Chloroplatinic acid was popularized for the quantitative analysis of potassium. The potassium is selectively precipitated from solution as potassium hexachloroplatinate. Determinations were done in 85% (v/v) alcohol solutions with excess platinate ions, and the precipitated product was weighed. Potassium could be detected for solutions as dilute as 0.02 to 0.2% (m/v).

This method for determination of potassium was advantageous compared to the sodium cobaltinitrite method used previously, since it required a single precipitation reaction. Gravimetric analysis of precipitated products has been supplanted by modern instrumental analysis methods such as ion selective electrodes, flame photometry, ICP-AES or ICP-MS.

===Purification of platinum===

Upon treatment with an ammonium salt, such as ammonium chloride, chloroplatinic acid converts to ammonium hexachloroplatinate, which precipitates as a solid. Upon heating in an atmosphere of hydrogen, the ammonium salt converts to elemental platinum. Platinum is often isolated from ores or recycled from residues using this method.

===Catalysis===
Like many platinum compounds, chloroplatinic acid is a catalyst (or precatalyst) for hydrogenation and related reactions. As first reported by John Speier and colleagues from Dow Corning, it catalyzes the addition of hydrosilanes to olefins, i.e. hydrosilylation. Early demonstration reactions used isopropanol solutions of trichlorosilane (SiHCl_{3}) with pentenes. Prior work on the addition of silanes to alkenes required radical reactions that were inefficient. As well as with Karstedt's catalyst, Speier's catalyst enjoys widespread use for hydrosilylation, the main drawback is the deliquescent properties of the catalyst.

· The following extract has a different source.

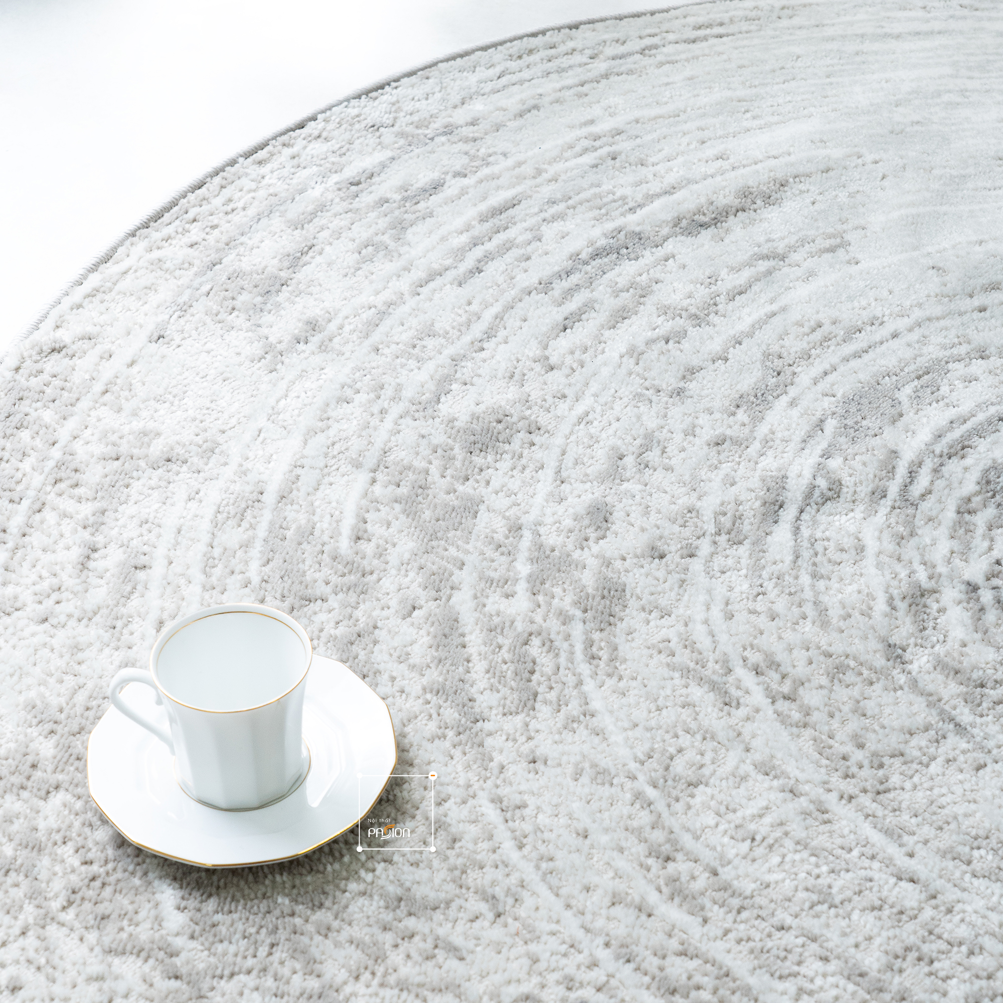 Với thiết kế vòng tròn nổi tinh tế, thảm mang đến cảm giác như những gợn sóng đang lan tỏa, khẽ khàng nhưng đầy mê hoặc. Màu xám sọc trung tính, hiện đại như những nốt nhạc trầm ổn định, hòa quyện với nhau tạo nên một bản giao hưởng nhẹ nhàng, êm đềm trong không gian sống.

It is generally agreed that chloroplatinic acid is a precursor to the actual catalyst. A possible role for colloidal platinum or zero-valent complexes has also been considered.

==Related compounds==
Chloroplatinic acid prepared from aqua regia is proposed to contain nitrosonium hexachloroplatinate, (NO)_{2}PtCl_{6}. Nitrosonium hexachloroplatinate is obtained by the reaction of nitrosyl chloride (NOCl) and platinum metal. Nitrosonium hexachloroplatinate has been found to react vigorously with water and hydrochloric acid, making contamination of chloroplatinic acid prepared with aqua regia with nitrosonium hexachloroplatinate unlikely.